Genç kızların tırnakları işte tam da bu trendin gerçek hayata yansıması.
“Yeni jenerasyon ‘nail art‘ı hızla yakaladı. Dünyayı takip ediyorlar, yeni trendleri sosyal medyalarına anında yansıyor. O yüzden tırnak tasarımına en çok onlar ilgi gösteriyor.”

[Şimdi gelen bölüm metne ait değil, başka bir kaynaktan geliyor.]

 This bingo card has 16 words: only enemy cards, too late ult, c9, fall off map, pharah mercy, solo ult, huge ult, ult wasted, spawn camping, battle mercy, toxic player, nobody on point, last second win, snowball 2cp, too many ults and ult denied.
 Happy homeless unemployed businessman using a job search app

Popüler kültüre 1930’larda girdi
Takma tırnakların tarihine hiç girmeyelim, milattan öncesine gideriz. Popüler kültürde takma tırnak ilk olarak 1930-1940 senelerinde Hollywood’da kullanılmaya başladı. Negatif film, tırnak formunda kesilip boyanıyor, tırnağa yapıştırılıyordu. Plastiğin icadıyla şimdi bildiğimiz takma tırnaklar popülerleşmeye başladı. Her sahneye, her kıyafete çok hızlı ve pratik şekilde uygulanması sinemacıların hoşuna gitti.

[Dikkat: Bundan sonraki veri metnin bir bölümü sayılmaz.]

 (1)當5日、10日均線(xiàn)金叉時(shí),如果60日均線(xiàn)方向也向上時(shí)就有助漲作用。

Liliya Sezgin, 100 yıl önce sinemada boy gösteren takma tırnakların şimdi moda çekimlerinde, sahne performanslarında, filmlerde çok sık kullandığını söylüyor: “Türkiye’de ise çok az modacı, şarkıcı, sanatçı bu ‘zengin kaynağı’ kullanıyor. Gençler trendi yakaladı ama yaratıcı sektörler henüz işin başında. Halbuki ünlü tırnak tasarımcılarının büyük markalar tarafından marka elçisi olduğu, koleksiyonlarda kıyafete, bir müzik klibinde şarkıya uygun ‘nail art’ tasarlanan bir dünyada yaşıyoruz.“
Peki tırnak takan ergen kızımıza hiç mi bir şey demeyeceğiz?
Benim estetik zevklerim 90’ların ortalarından itibaren şekillenmeye başladı. Minimal tasarımları ve net siluetleri seviyorum. Tırnaklar kısa kesilecek, küt törpülenecek ve belli belirsiz bir oje sürülecek. Yani doğrusunu isterseniz takma tırnaklar bana göre değil, hatta bana göre güzel bile değil. Ama ‘bana göre’ değil. Bugünün gençlerinin estetik zevkleri benimkinden çok daha farklı bir dünyada şekilleniyor. Bu durumda, aynı şeyleri beğenmemizden daha normal ne olabilir?
Dahası, burada hiç girmediğim bir de sağlık meselesi var. Hijyen kurallarına uyulmadan acemice yapılan işlemler riskler barındırabilir ki bu tamamen başka bir yazının konusu. O noktada gençleri yönlendirmek elbette yetişkinlere düşüyor.
Benim dediğim şu: Yaşı ilerleyen herkes hayattan bir ders alıyor. İyi çalışmamışsa aynı dersi tekrar alıyor. Ben ‘Edis dersi’mi bir süre önce almıştım, belki bu da yazıyı okuyan bazı yetişkinlerin ‘nail art’ dersi olur.